*REQUIRED WORK*.
Pictures are to be omitted. Output only the lines from the one containing "THE FIT: Mid" through the end of the data, word for word.

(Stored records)
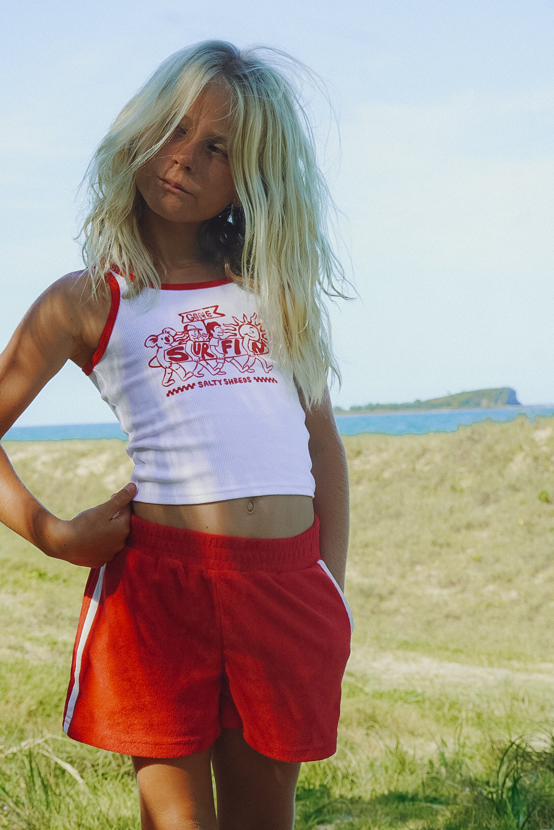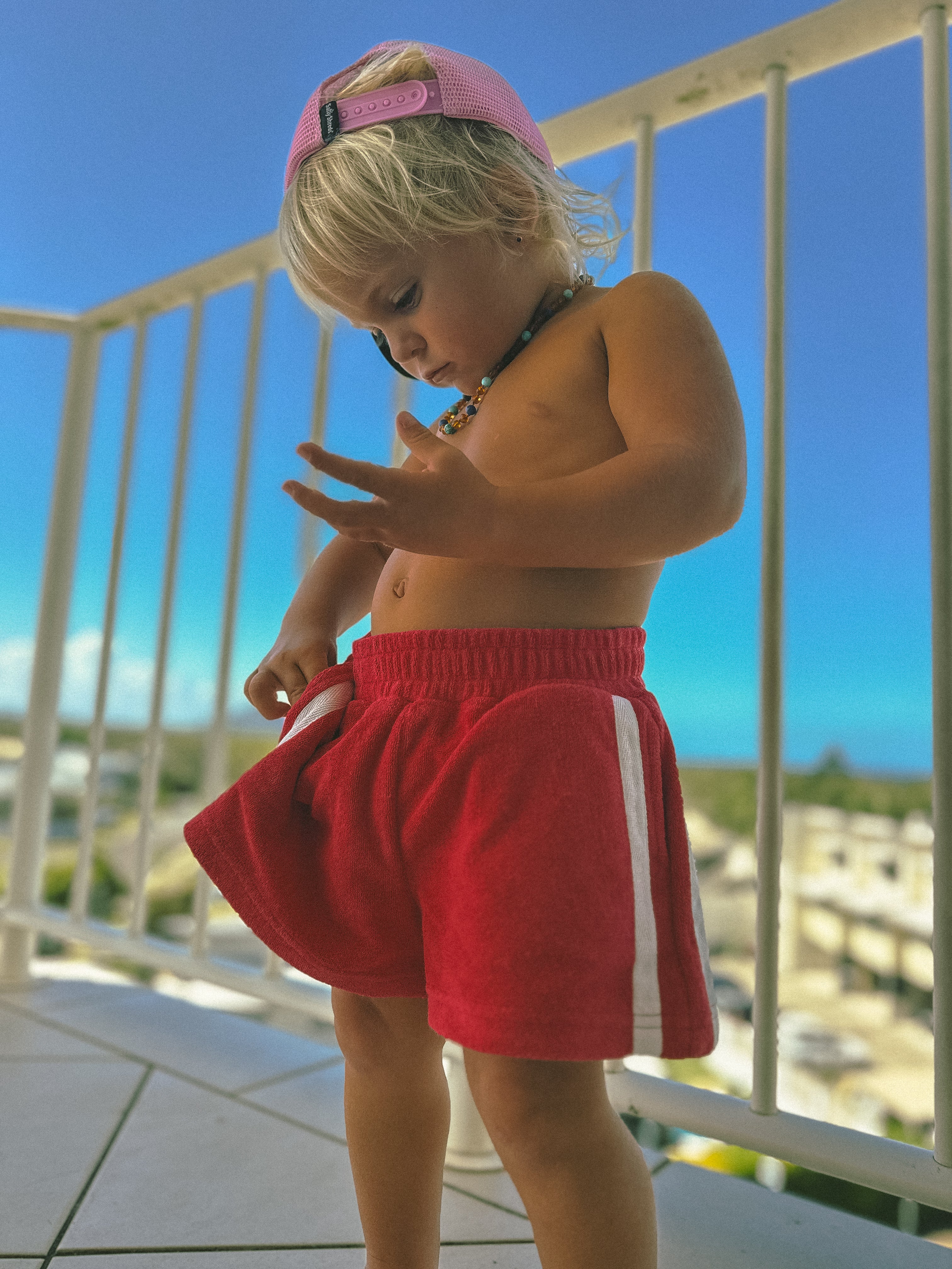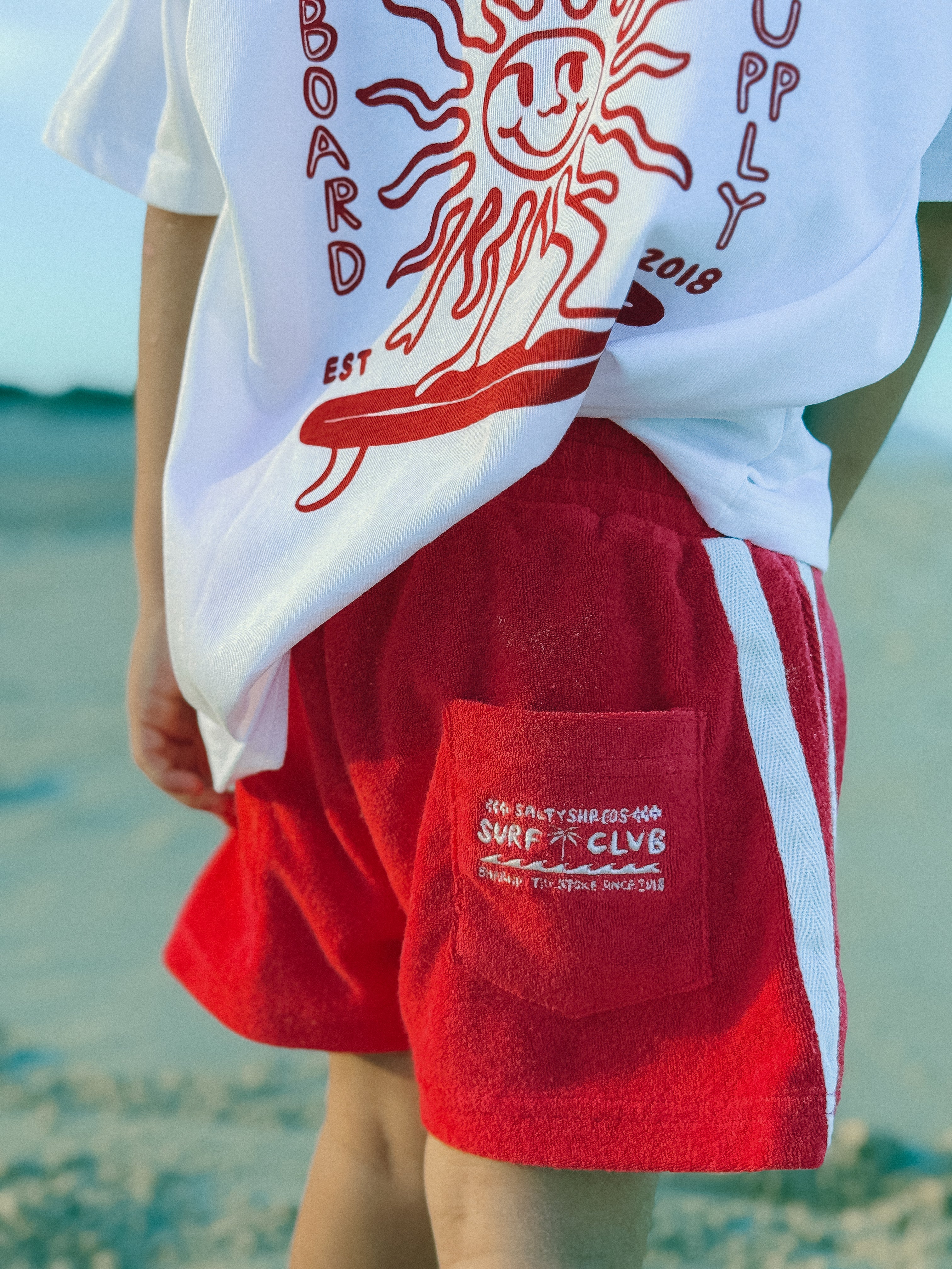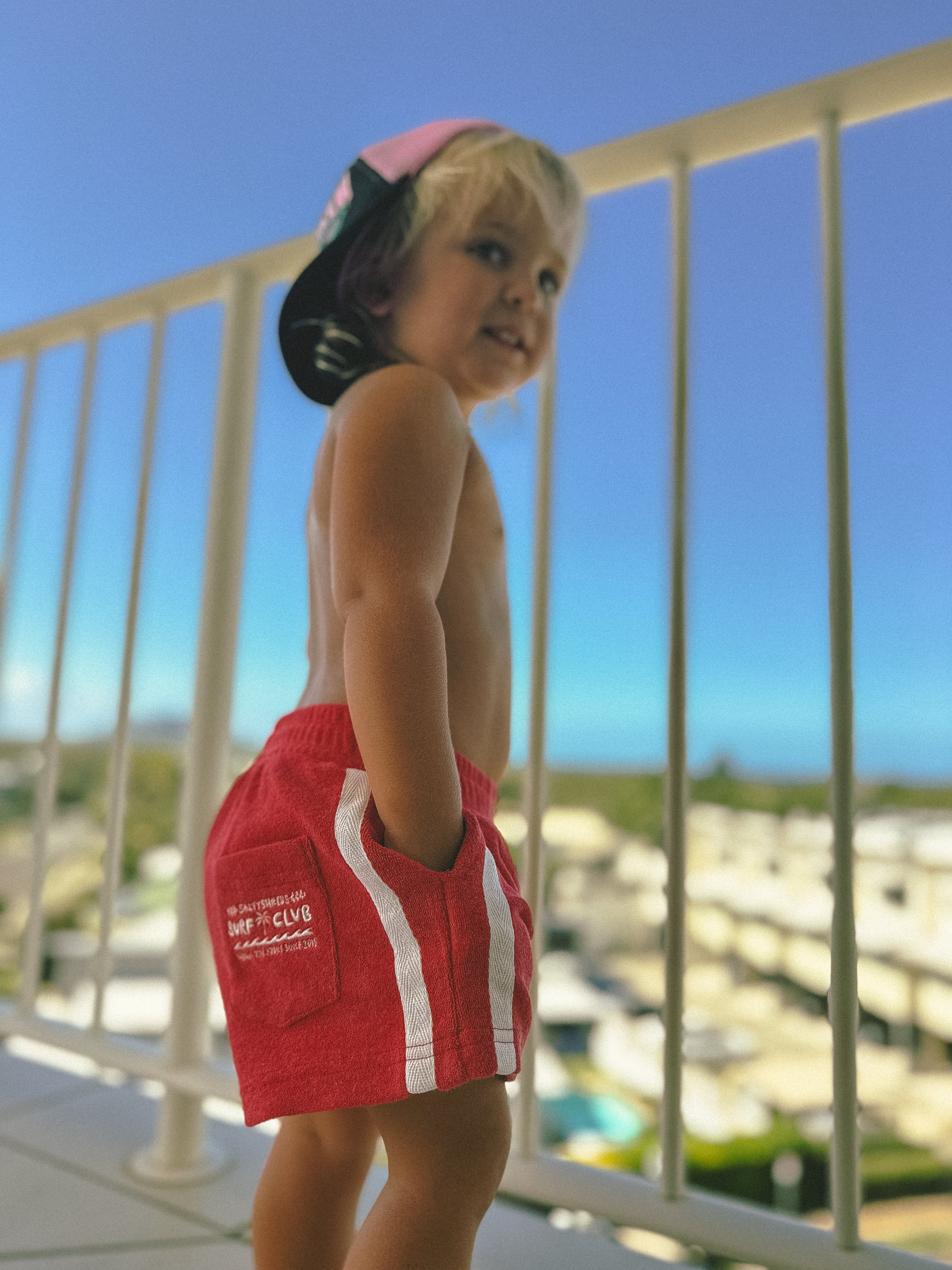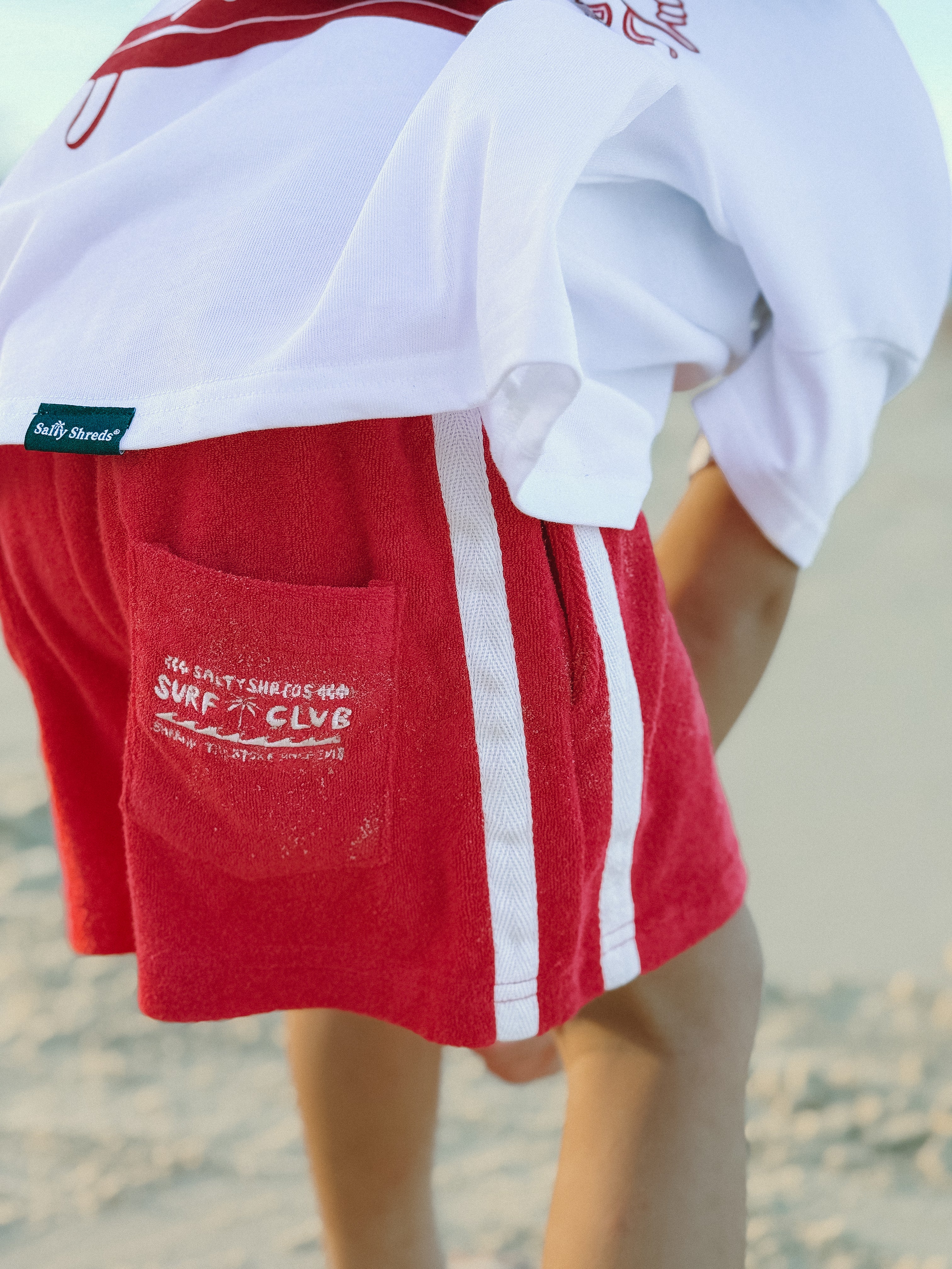Surf club retro towelling short - Red - Groms
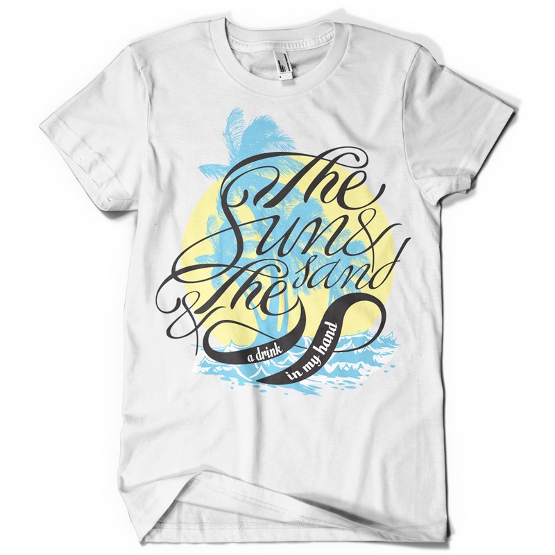 The sun and the sand graphic design template in vector format, featuring detailed summer holiday design now available for Adobe Illustrator, Adobe Photoshop and Corel Draw and can be used for digital printing and screenprinting .
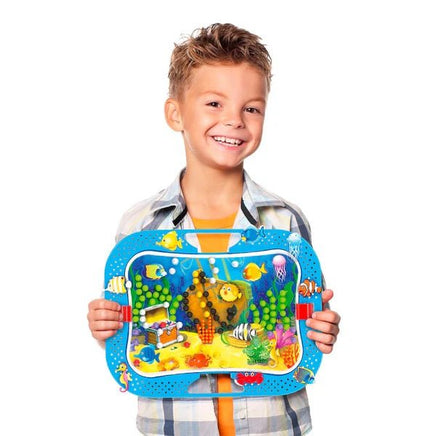 The classic Quercetti pegs in a colourful version featuring the underwater world. The toy includes pegs of different colours and diameters to be inserted into various scenes of the sea floor, and plenty of stickers and shapes of fish, seahorses, crabs and other sea creatures to recreate a sea world.
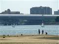 一つおいて隣の板は新型で盛り上がっていますが、当方の様な年寄りには余り関係が無いので、相変わらずこのCX2で頑張っています。凧揚げに行きましたら、この猛暑にも関わらずヨットの連中が海面を滑っています。子供たちもハゼをとっているのか?夏休みの終わりを楽しんでいるようでした。海面のキラキラを撮ろうと思っていましたが、光線の都合か余り上手く行かず、場所と時間を考えねばと思っています、^_^;。
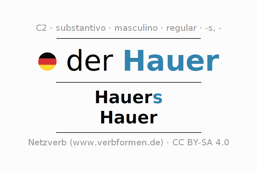Declinação de Hauer é apresentada em uma tabela com todas as formas no singular e no plural (plural) e em todos os quatro casos: nominativo (1º caso), genitivo (2º caso), dativo (3º caso) e acusativo (4º caso) . Especialmente para os alunos de alemão, a correta declinação da palavra Hauer é fundamental.
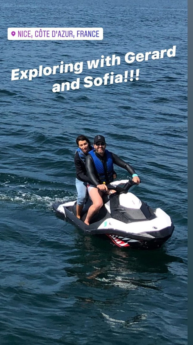 Στο ένα στιγμιότυπο ο Gerard Butler βρίσκεται ξαπλωμένος στην αγκαλιά της Σοφίας, η οποία του χαϊδεύει τα μαλλιά, ενώ σε ένα άλλο οι δυο τους απολαμβάνουν τη θάλασσα, κάνοντας jet ski.
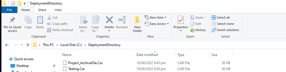 An archive file (.car file) can also be uploaded to the deployment directory via another API i.e., ‘*POST api/UploadCarFile’*.
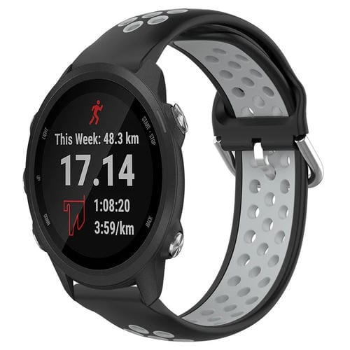 Correa de Reloj Silicona Deportiva para Garmin Forerunner 245 20mm Transpirable Perforada (Negro + Gris)
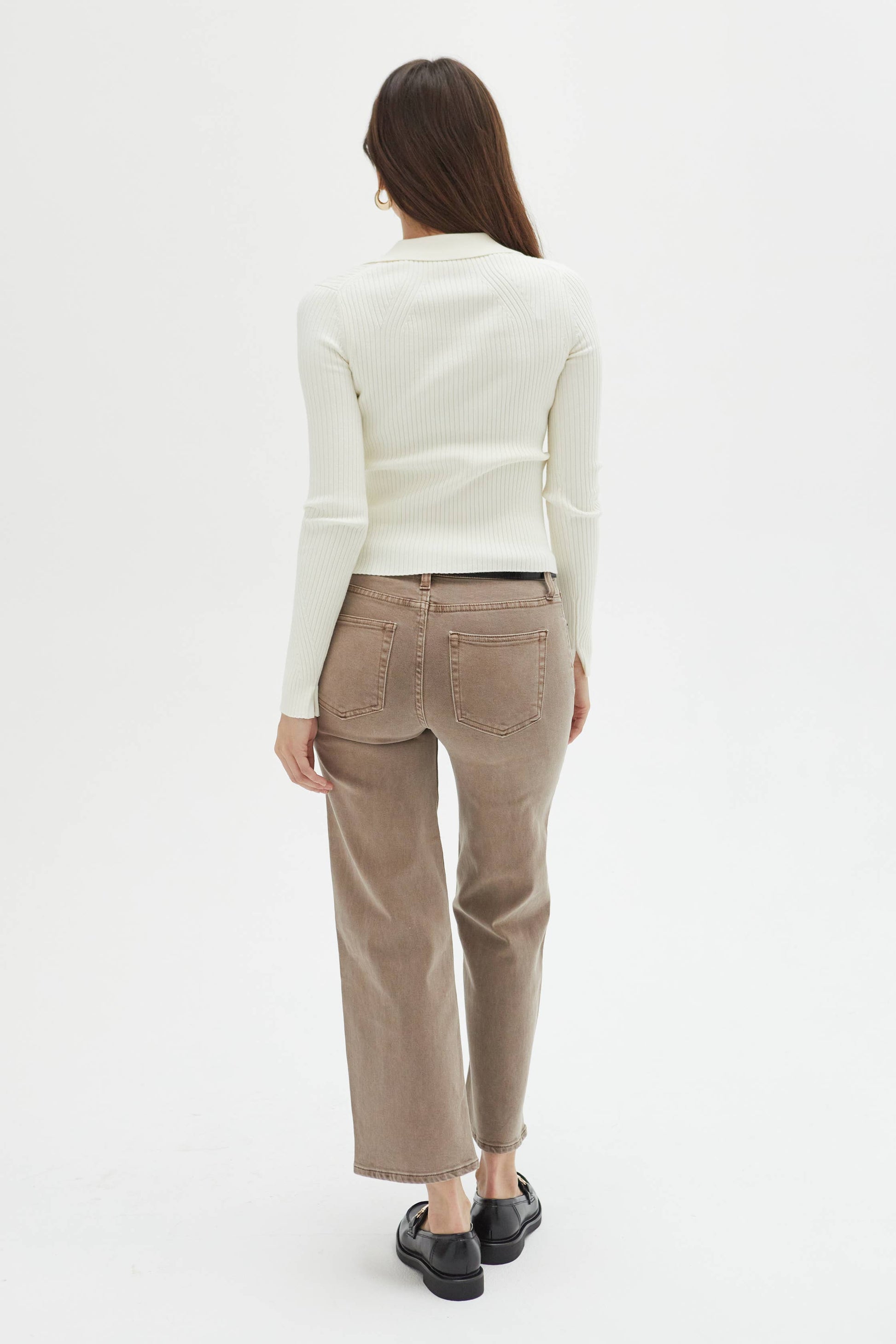 THE FIT: Mid rise, fitted through the hip with a zipper fly––detailed with a finished hem and ankle slit.
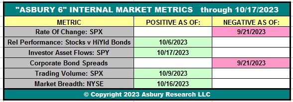 Table 1 below shows that as of the close on October 17th, 4 of the Asbury 6 constituent metrics have shifted back to positive (green). This changes the “A6” Model itself to a Positive status, from Negative on September 18th, as four or more metrics in one direction indicate a directional bias.

*RESPONSE TO THIS TASK*.
 THE FIT: Mid rise, fitted through the hip with a zipper fly––detailed with a finished hem and ankle slit.
 Table 1 below shows that as of the close on October 17th, 4 of the Asbury 6 constituent metrics have shifted back to positive (green). This changes the “A6” Model itself to a Positive status, from Negative on September 18th, as four or more metrics in one direction indicate a directional bias.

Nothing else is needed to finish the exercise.